“The beginning is the most important part of any work.” – Plato
HAPPY NEW YEAR!
This is exactly the right day for thinking about what you want to accomplish in 2020. You can’t do that seriously, however, unless you spend some time reviewing your success in accomplishing the goals you had for 2019.
If you have read any of the dozens of essays, books, and blog posts I’ve written about personal productivity over the past 20 years, you know that I organize my goals in four categories: health, wealth, personal, and social.
And at the beginning of each year, I challenge myself to complete a number of objectives in each of those four categories. Last year, for example, I gave myself 5 major financial goals (all of which were about preserving and protecting wealth – not adding to it). My health goals were also few in number (fitness, diet, strength, and mental acuity) but challenging (improving despite aging). My social goals were even fewer (be kinder, be more generous, pay more attention). The big category in terms of number of objectives was personal. I had several dozen projects – writing and building and collecting – that kept me busy.
It takes me less than 15 minutes to review my goals of the previous year, recognize where I met them, where I fell behind, and where I failed completely. And that helps me shape my goals for the next year.
If you wrote down goals for 2019, you might want to do the same thing. Be frank in your assessments. (Fooling oneself is much easier than fooling others.) And be realistic in setting new goals, giving yourself challenges that, based on past experience, you are confident you can achieve.
Contrarian Rules for Goals and a Zen Mindset for Accomplishing Them
I don’t assign myself “stretch goals” because I’m hardwired to stretch. For me, the challenge is to be realistic about what I can do.
Contrary to what you are likely to hear from other productivity “experts,” your yearly goals should not be specific. They should not be “Write six books of 30,000 words by August 31.” They should be more like “Write several good books.”

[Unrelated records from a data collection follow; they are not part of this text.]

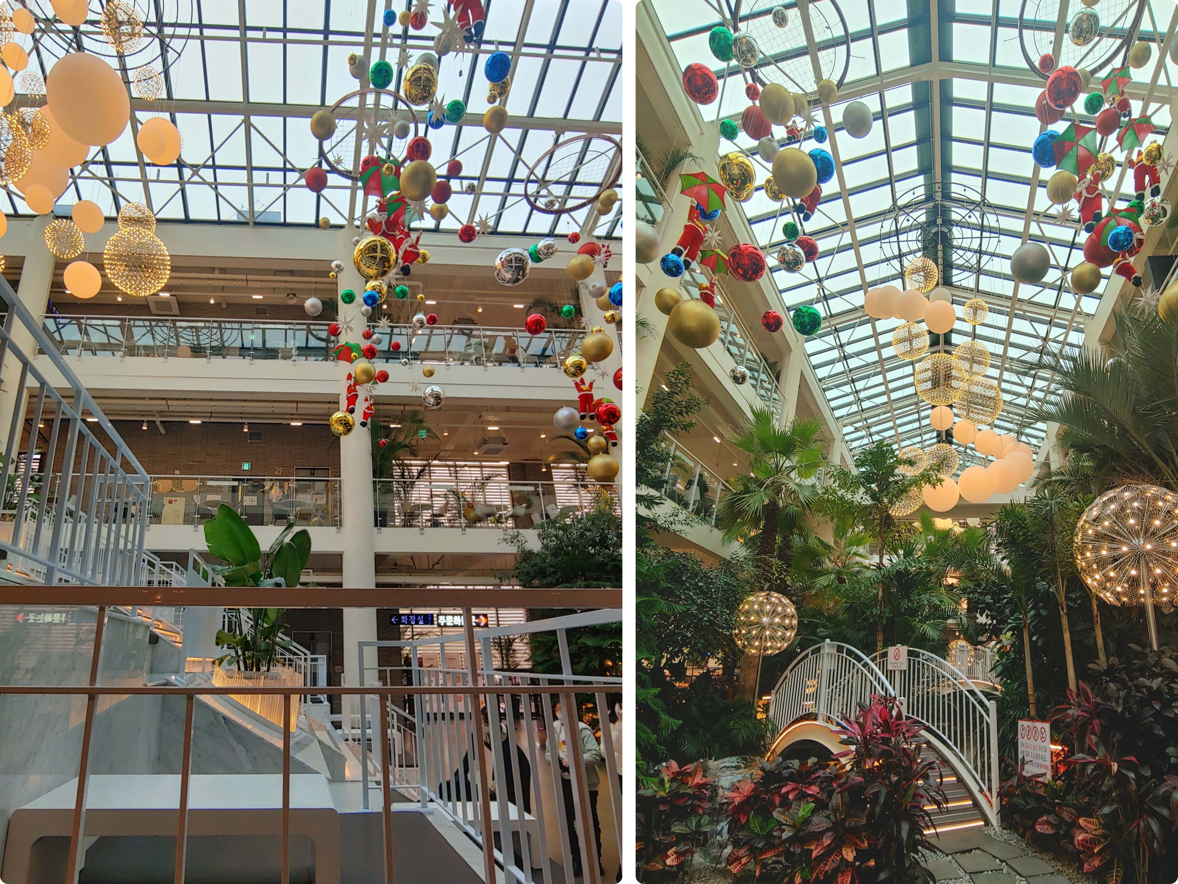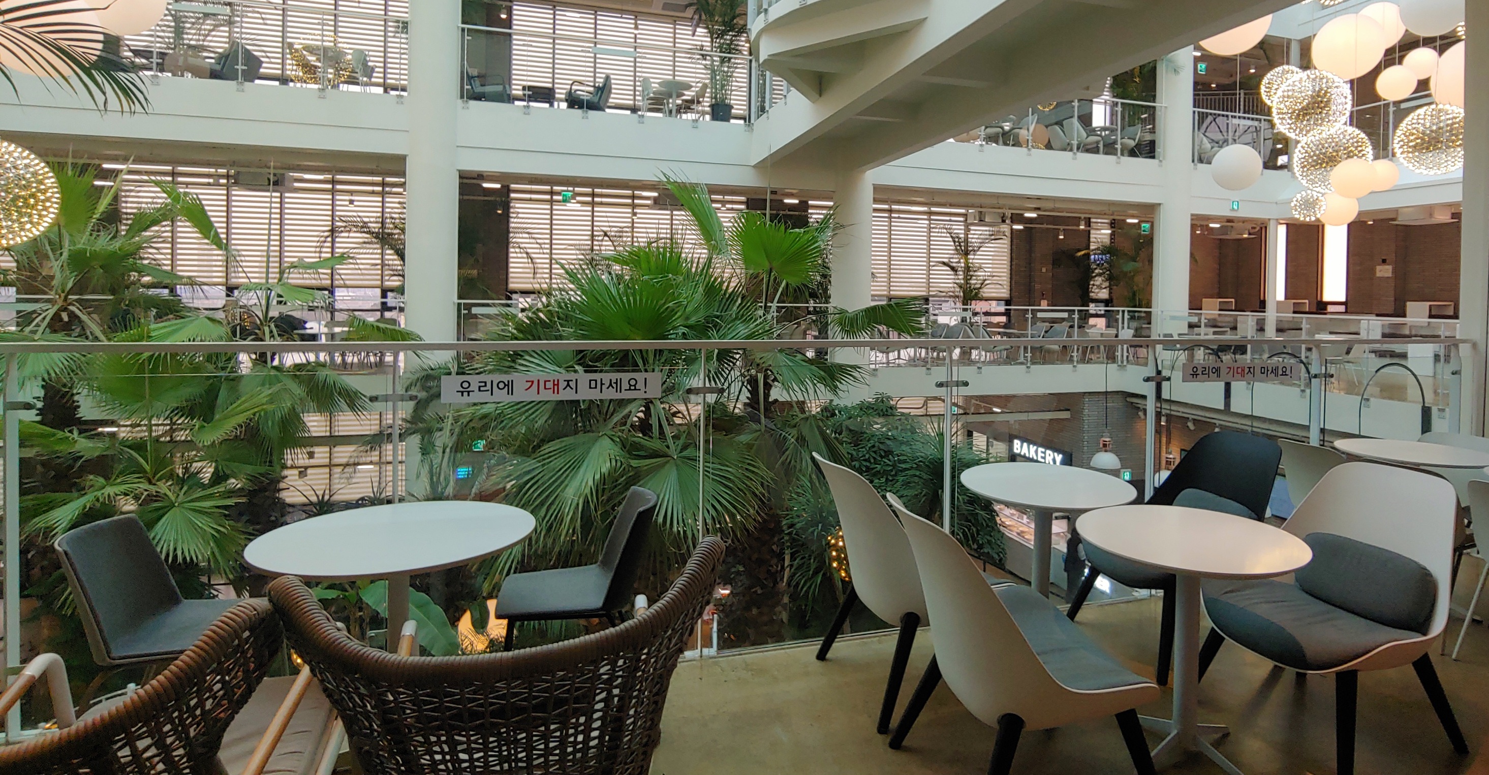 내부 공간이 넓어서 실내임에도 탁 트인 느낌이 드는 것은 장점이다. 식물원에 들어온 것처럼 숨 쉬는 공기부터 다르다는 느낌이 들기에는 너무 넓다.
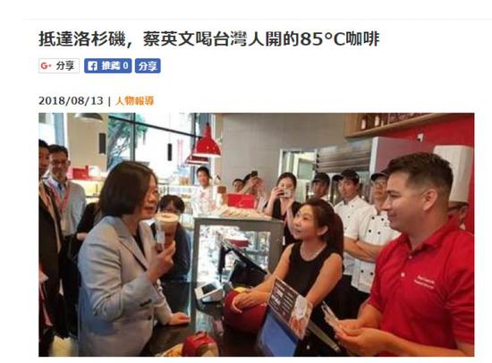 然而,令這家在大陸賺錢賺得“美滋滋”的臺(tái)灣企業(yè)意外的是,公司在美國洛杉磯的一家店鋪,卻成了在美國洛杉磯“過境”和給臺(tái)獨(dú)“造勢”的蔡英文專門“造訪”的一站。而且根據(jù)臺(tái)灣媒體的報(bào)道,這蔡英文還把“85度C”視為“臺(tái)灣之光”。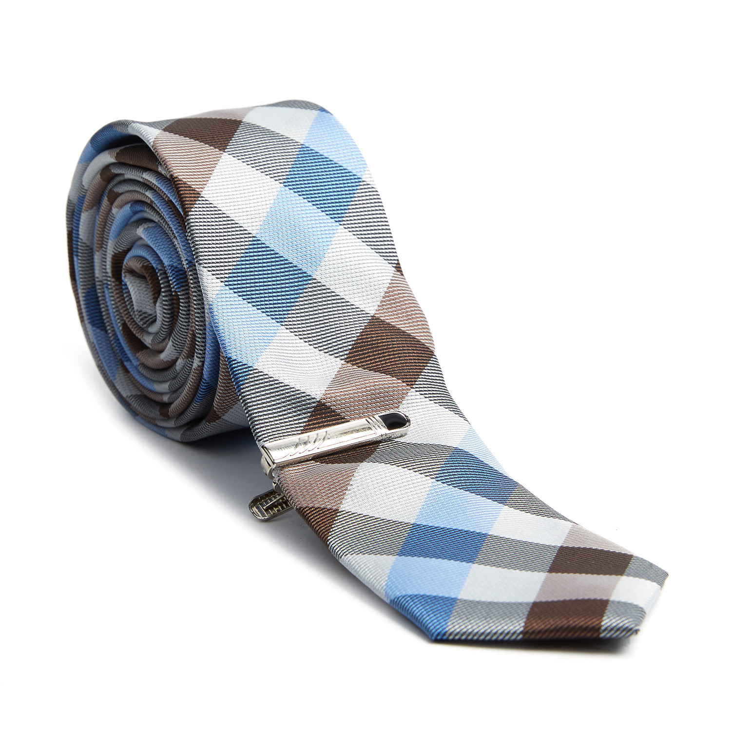 Checkered Skinny Tie + Tie Clip // Grey + Blue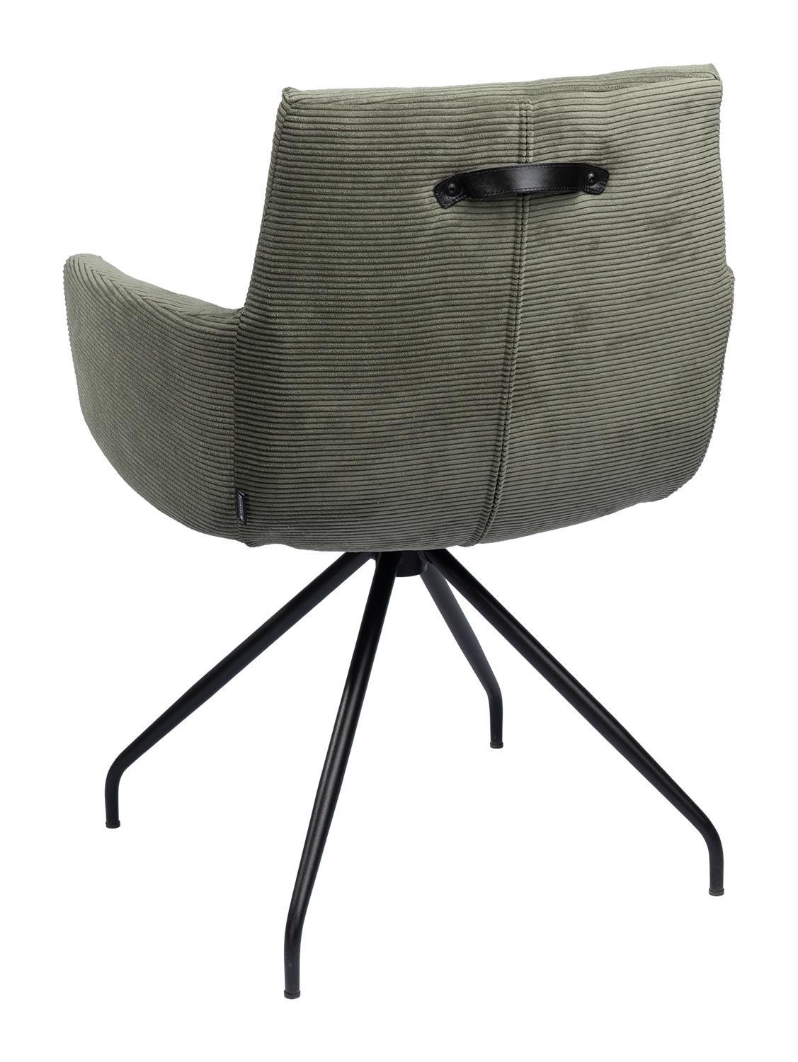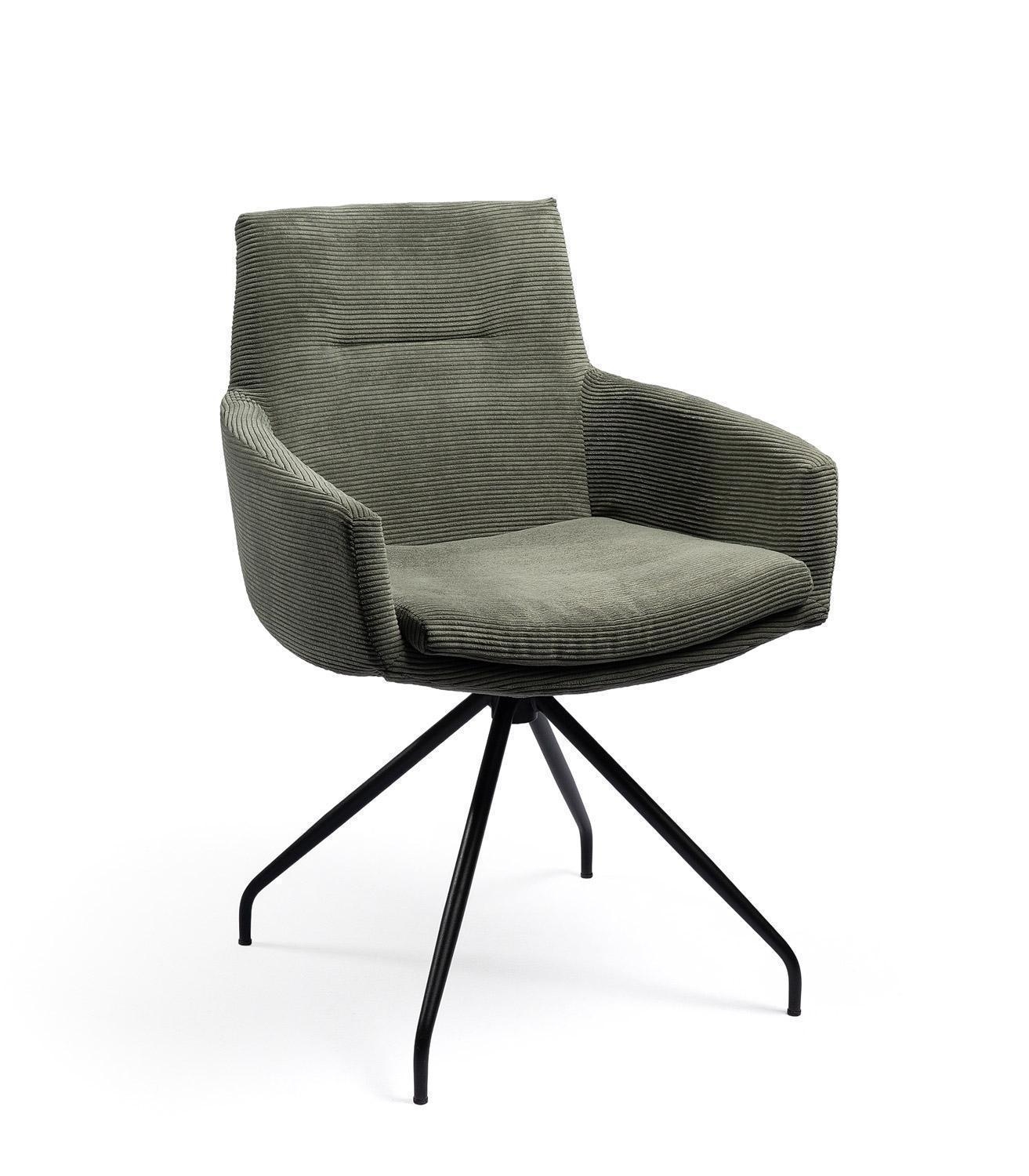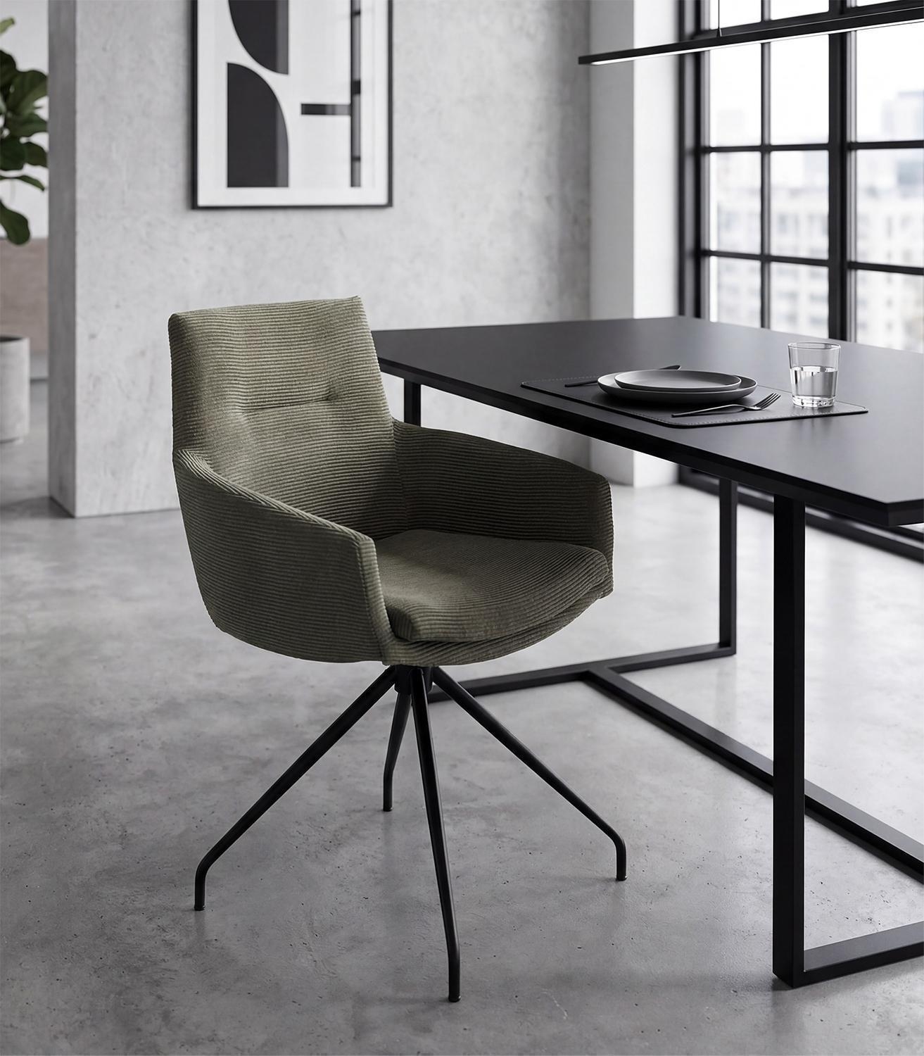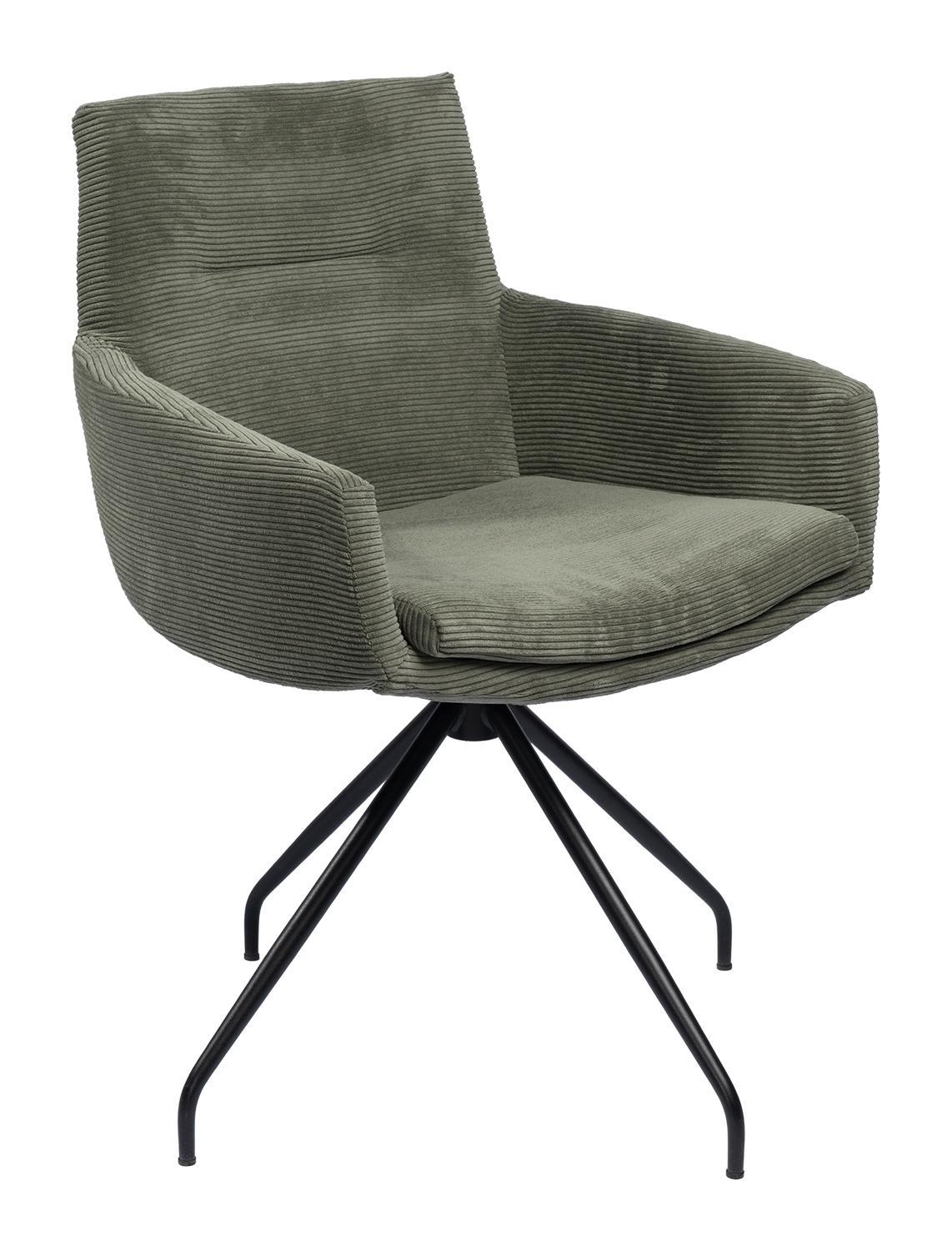 Olivgrün - Schwarz matt - Feincord - Metallgestell - mit Armlehnen - 360 Grad drehbar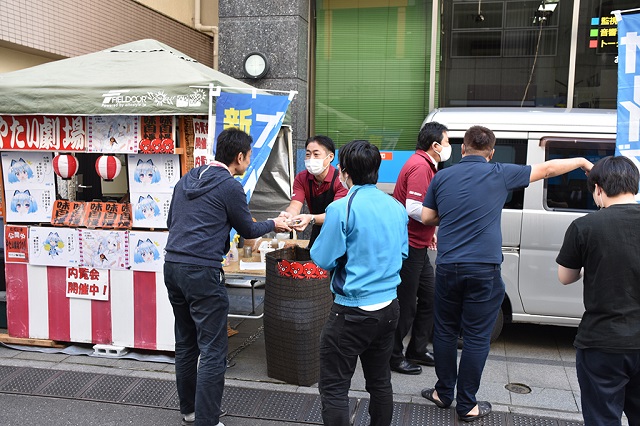 営業担当者は、「この時期にどうかと思ったが、オーイズミさんの厚意もあって、実施できました。たこ焼きはもちろん、梅ヶ枝餅も『おいしい』と好評。ホールに来場されるファンの方にもぜひ、お届けしたいです」と話した。

After you’ve finished your yearly goals, you figure out how much you can reasonably accomplish each month throughout the year. Here is where you can get more specific. In January, for example, your goal for book writing might be something like: “Write 6-page outlines for 3 books.”
Then you break those monthly goals into even more specific objectives: “Write outline for one book this week.”
Keep in mind that your yearly goals should be important-but-not-urgent goals – the sort of goals that, though not urgent or even necessary, would nevertheless have a profoundly positive impact on the quality of your life.
And here’s a suggestion if you tend to beat yourself up over failing to meet your goals. This, again, is contrary to what most productivity gurus advise. They advocate a mindset of passion and zeal, of lighting a burning desire in your heart to accomplish everything you set out to do. I believe this is a big mistake. Instead, take a Zen-like approach to your New Year’s Resolutions. Write them down. Intend to accomplish them. But don’t allow yourself to care whether you do or you don’t.
You can learn to act intentionally without attachment. Remember, the way is the true goal. And movement is the reward.
There are lots of people that don’t believe in making New Year’s Resolutions. They will tell you that they are artificial and unnecessary. I think they are wrong. Dead wrong. Setting and pursuing goals the way I do has made my life immeasurably richer in all the most important ways. I believe it will have the same result for you.
But don’t take my word for it. Try it yourself. Start today. Let me know how it works.